1. sayfa (Toplam 1 sayfa)

RUNWAY

Gönderilme zamanı: Cum Eki 24, 2025 9:14 pm
gönderen Sualp
Tur Süresi: -
Başlangıç Konumu: Runway
Oyuncular:Sualp -
Müzik
Resim

Neon ışıkları, tavanın çatlaklarından süzülen damarlar gibi soluk kırmızıyla yanıp sönüyor.
Betonun altındayız — ama burası şehirden daha canlı.
İstanbul’un kalbi yukarıda atıyor olabilir, ama ruhu çoktan buraya, bu yeraltı tünellerine sızmış durumda.
Runway, o ruhun yankısı.
Bir zamanlar trenlerin geçtiği, şimdi ise sessizlik ve müzik arasında gidip gelen bir boşluk.

Masalar, eski peronların üzerine yerleştirilmiş.
Rayların izi hâlâ belli — kimse kaldırmadı, çünkü kimse geçmişi tamamen silmek istemedi.
Her köşede başka bir nefes, başka bir sır.
Bir masada iki kişi başlarını birbirine eğmiş, fısıltılarla anlaşmalar kuruyor.
Diğerinde, ellerinde kadehlerle birbirine gülümseyen ama gözleriyle savaşanlar var.
Köşedeki aynanın karşısında, yüzünü defalarca değiştirmiş biri kendi suretini inceliyor.
Burada herkes bir parçasını gizler, bir parçasını da bilerek gösterir.
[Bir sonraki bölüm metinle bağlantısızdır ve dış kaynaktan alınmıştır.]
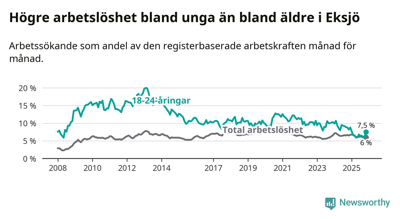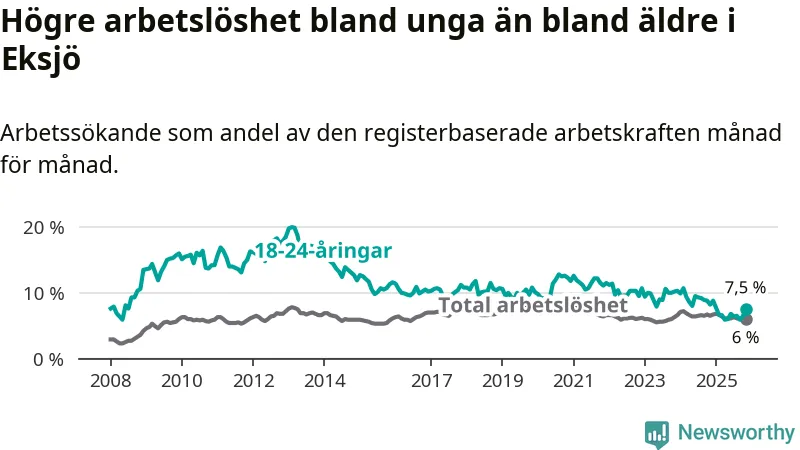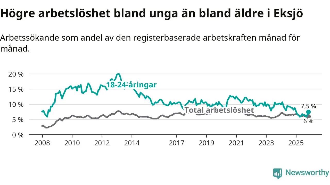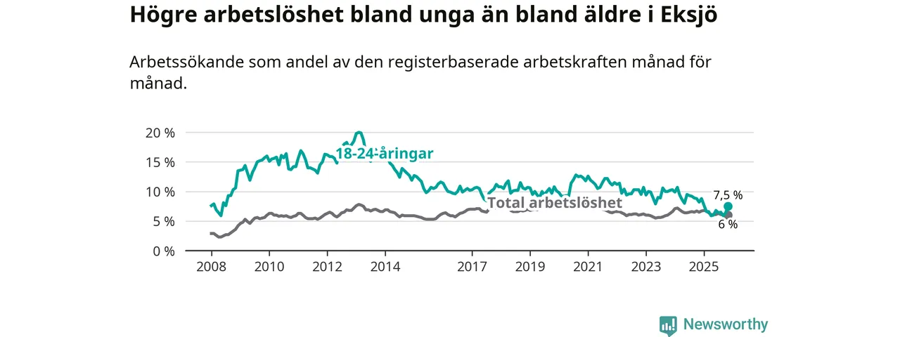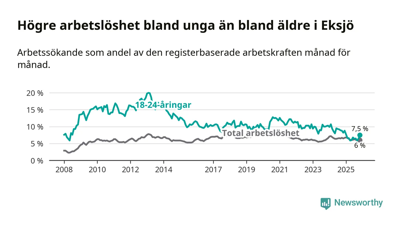 I och med den senaste månadens nedgång har de ungas arbetslöshet i Eksjö sjunkit 16 månader i följd (ner från 9,3 procent i juli 2024 till 7,5 procent nu).
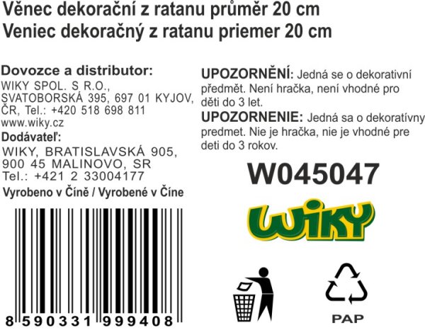 Veniec dekoračný z ratanu s priemerom 20 cm.
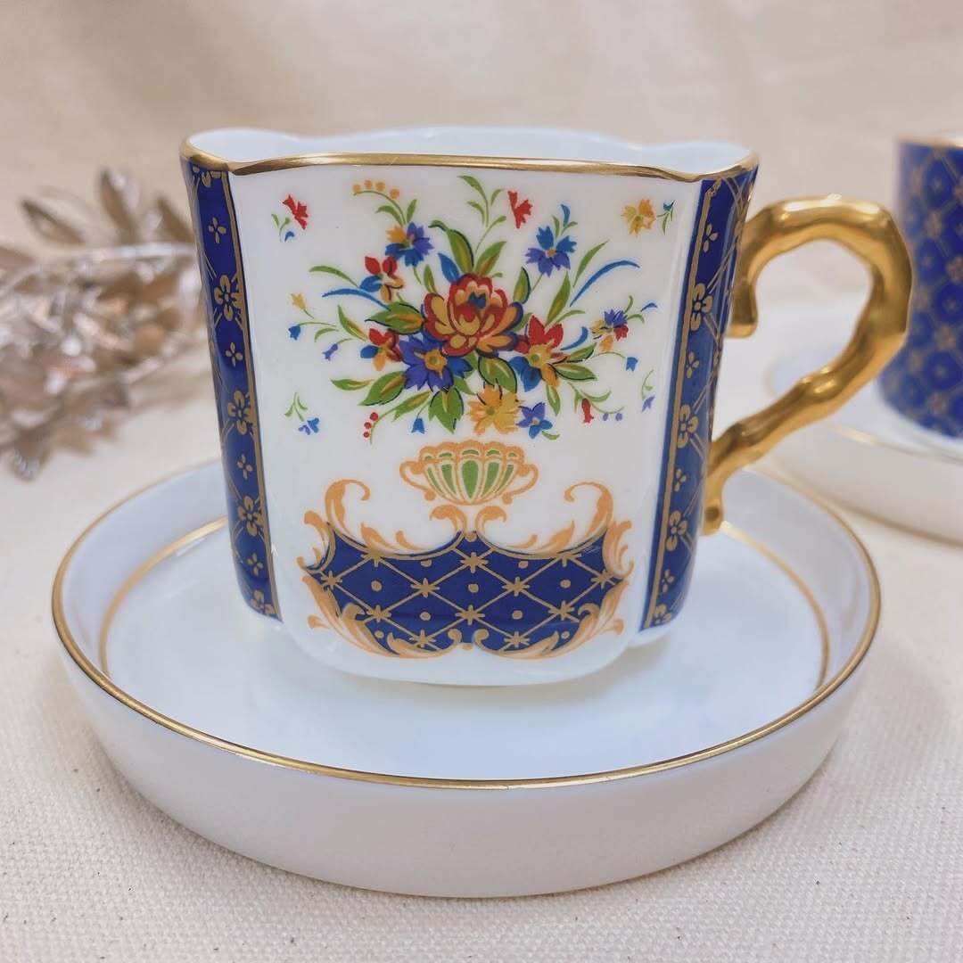 深みのあるロイヤルブルーを基調に、鮮やかな花柄と繊細なゴールド装飾が目を引くカップ
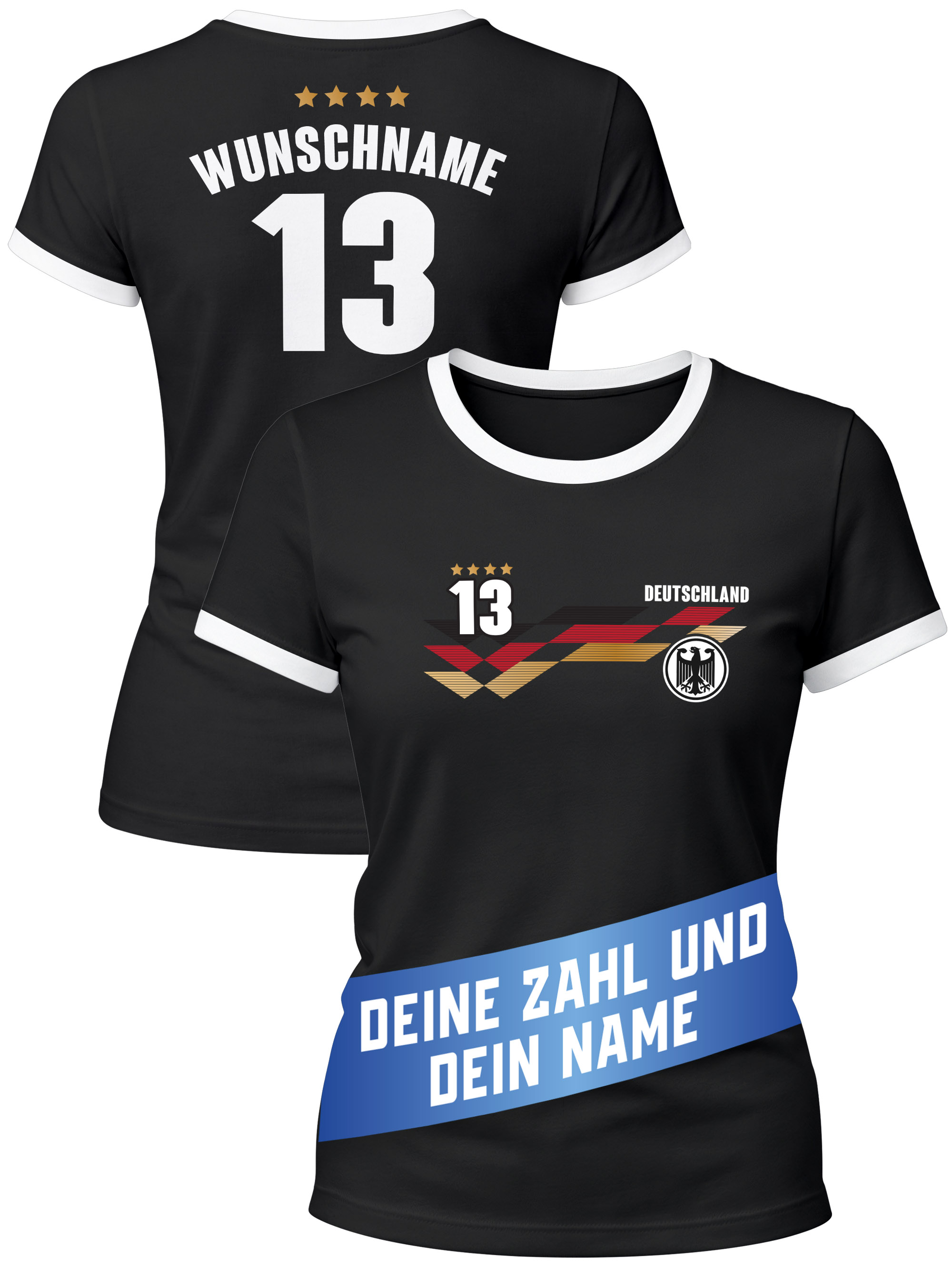 T-Shirt Damen Fussball Deutschland Trikot personalisiert mit Name und Nummer Weltmeisterschaft 2026 Fanshirt Moonworks
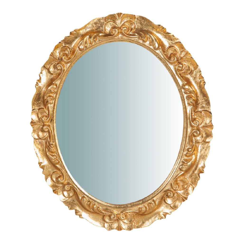 Espejo decorativo ovalado estilo barroco, marco dorado tallado, para pared
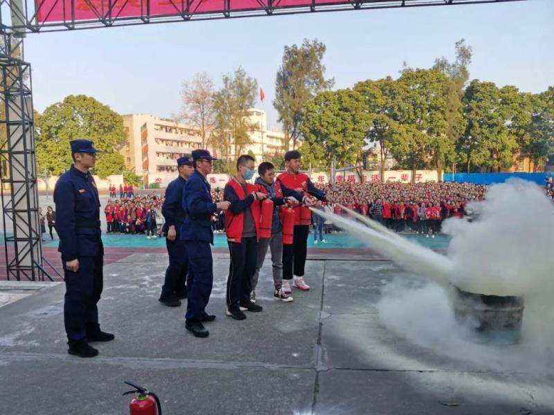 ▲學(xué)生使用消防設(shè)備進(jìn)行滅火演練▲
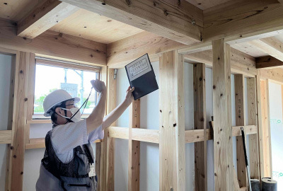 検査では定められた設計施工基準をもとに、屋根や窓廻りの防水処理、耐力壁の位置や釘の仕様・間隔など適切かどうか確認していきます。
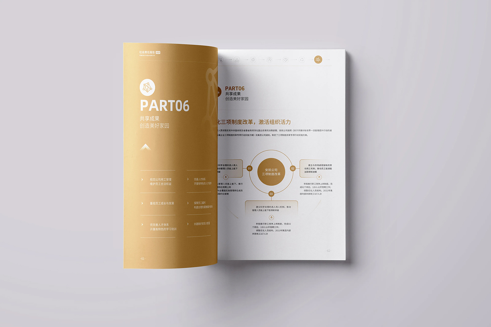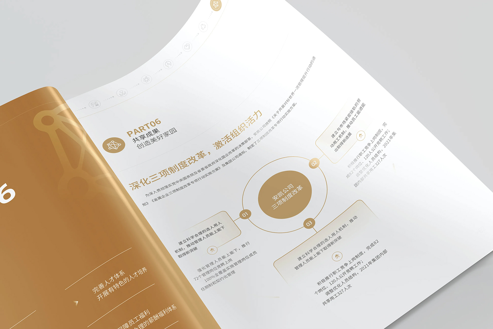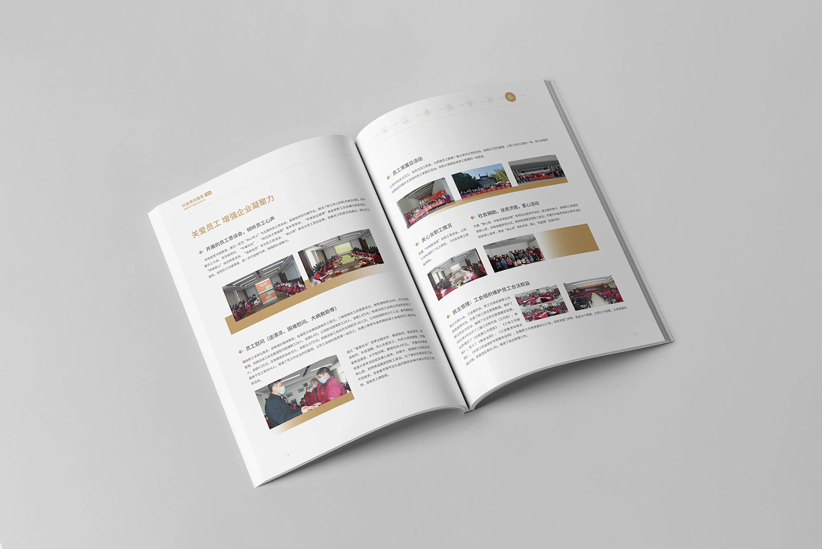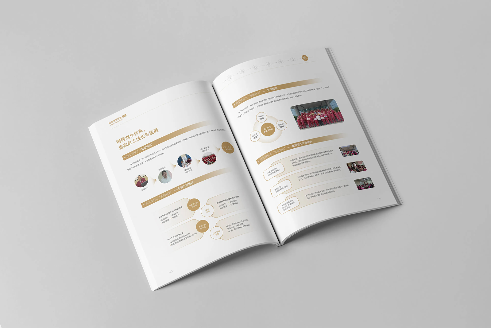 整體畫冊的設計反映出企業(yè)的專業(yè)性、創(chuàng)新性和可靠性。通過精心設計的版式、色彩、字體和圖像,我們創(chuàng)造出一個既美觀又實用的宣傳工具,幫助企業(yè)在市場中建立強大的品牌形象。封面是畫冊的第一印象,它需要簡潔而有力地傳達企業(yè)的核心價值。我們采用干凈、現(xiàn)代的設計風格。使用企業(yè)的標準色彩以傳達企業(yè)的專業(yè)性和可靠性。封面上放置企業(yè)名稱,以及一個簡潔有力的口號。內(nèi)頁延續(xù)封面的設計風格,保持一致性以便于讀者快速抓住信息要點。文字內(nèi)容簡潔明了,避免冗長。圖片選擇高質(zhì)量的攝影作品,展示企業(yè)的工作環(huán)境、產(chǎn)品或服務。色彩是傳達情感和信息的重要元素,我們采用了專業(yè)高端的金色來傳達企業(yè)的穩(wěn)重和創(chuàng)新。色彩的使用在整個畫冊中保持一致,以增強品牌識別度。圖像和圖表是傳達復雜信息的有效方式,在畫冊中使用圖表來展示企業(yè)的成就、增長趨勢或產(chǎn)品特點。圖像與文本內(nèi)容相關,并且質(zhì)量高,以增強信息的可信度。版式布局清晰有序,以便于讀者閱讀。圖片和空白區(qū)域,確保整個畫冊的平衡和諧。每個頁面的布局都有焦點,避免元素過多導致視覺混亂。為了確保畫冊的高質(zhì)量,我們選擇高質(zhì)量的紙張和印刷工藝。這不僅能夠提升畫冊的質(zhì)感,也能夠更好地展示企業(yè)的專業(yè)形象。

Ben genelde ortadaki masanın arkasında olurum.
Eskiden makinist kabiniymiş burası; şimdi kırmızı ışığın altında küçük bir merkez gibi.
Masamda eski bir ray haritası durur — solmuş, kenarları yırtılmış, ama benim için hâlâ kutsal.
Çünkü bu tünellerin her biri bir anıya çıkar.
Ben Runway’i inşa etmedim; o zaten vardı.
Sadece yankısını duydum ve dinlemeyi bildim.

İlk zamanlar burası bomboştu.
Sadece pas, yankı ve birkaç fare.
Ama bir yerden sonra yabancılar geldi.
Bazıları meraktan, bazıları kaçacak yer kalmadığı için.
Kimi geçmişinden saklandı, kimi geleceğini satmaya geldi.
Ben hepsine aynı şeyi verdim: bir masa, bir ışık ve konuşma hakkı.
Runway’de kimse sessiz kalmak zorunda değildi, ama herkes dikkatli olmalıydı.
Çünkü burada atılan her kelimenin yankısı duvarlarda kalır.

Biraz ileride devasa bir daire var.
Eskiden rayların birleştiği dönemeçmiş — şimdi bir diskoya dönüşmüş.
Tavan boyunca dönen ışıklar, paslı metalin üzerinde parlıyor; her titreşimde duvarlar nefes alıyor sanki.
Bas, kalp atışı gibi yankılanıyor; müzik kimsenin sesi değil, herkesin yankısı.
Yabancılar pistte kaybolurken, hareketleri ve enerjileri birbirine karışıyor; bir ritim, bir gölge, bir fısıltı hâline geliyorlar.
Burası bir dans alanı değil, itiraf yeri.
Ne söylendiği değil, ne saklandığı duyuluyor burada.
Yukarıda şehir çürürken, aşağıda ritim hâlâ yaşıyor.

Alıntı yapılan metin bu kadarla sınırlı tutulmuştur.